Tidak hanya sampai di situ, kerinduan itu berhembus hingga setiap komunitas muslim berniat mendirikan Islamic Center yang sebagiannya telah berdiri. Seperti Global Islamic Youth Center yang bertempat di Liverpool. Suatu Maghrib Majalah Ghoib berada di tempat itu bersama dengan para pemuda berbadan gempal. GIYC selain mengadakan kajian Islam, juga menyediakan ruangan dan waktu untuk senam dan beladiri, bahkan untuk para muslimah muda.

Islamic Center akan terus bermunculan. Seiring dengan dialihfungsikannya gereja-gereja menjadi masjid. Karena tidak mudah mendapatkan ijin mendirikan masjid. Masjid boleh didirikan di tempat yang memang digunakan untuk ibadah, seperti bekas gereja yang telah dijual. Masjid AIM Puchbowl umpamanya, dulunya adalah bekas gereja yang telah ditinggalkan oleh jamaahnya. Bukan hanya itu masjid Tempe pun dulunya adalah gereja yang dijual. “Penjualannya diumum kan di koran. Dulu kita beli seharga kurang lebih AU$ 200.000,” jelas Djarnaib sesepuh Indonesia di Sidney.

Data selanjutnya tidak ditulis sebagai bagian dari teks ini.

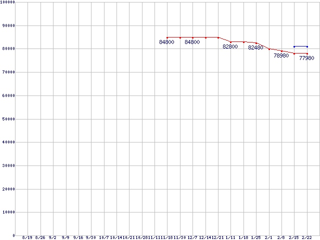 | ※製品名をクリックすると個別のグラフを表示します ※点線部は販売店が確認できなかった、または調査データがないことを示します |

Gereja memang telah banyak yang kosong. Setidaknya itulah pemandangan yang bisa kita saksikan di kota-kota di Australia. Biasanya, hanya gereja-gereja milik komunitas Yunani saja yang ramai, karena mereka dikenal sebagai komunitas Kristen yang taat. Hari Minggu, tidak dijumpai keramaian di gereja. Tempat yang ramai adalah tempat-tempat rekreasi seperti pantai dan taman. Gereja hanya menjadi tempat ritual tertentu saja. Itulah pengakuan seorang ibu tua asli Australia yang menegur tim Majalah Ghoib di depan gedung Galeri Seni di kota Adelaide “Saya hanya dua kali ke gereja seumur hidup saya. Saat saya menikah dan nanti kalau saya meninggal.” “Di kota ini gereja tertuanya adalah gereja Anglikan. Tetapi separo dari jumlah gereja itu telah berubah menjadi pub atau rumah,” lanjutnya tanpa ada beban bersalah. Kalau ibu tua itu bercerita bahwa dia sudah pernah ke gereja saat menikah dulu, berarti dia pernah sekali menginjak lantai dalam gereja. Nah, bagaimana dengan kebanyakan orang Australia yang tidak memandang penting sebuah ikatan pernikahan. Berarti mereka tidak pernah melihat tempat ibadah mereka, karena kesempatan terakhir mereka adalah saat mereka mati.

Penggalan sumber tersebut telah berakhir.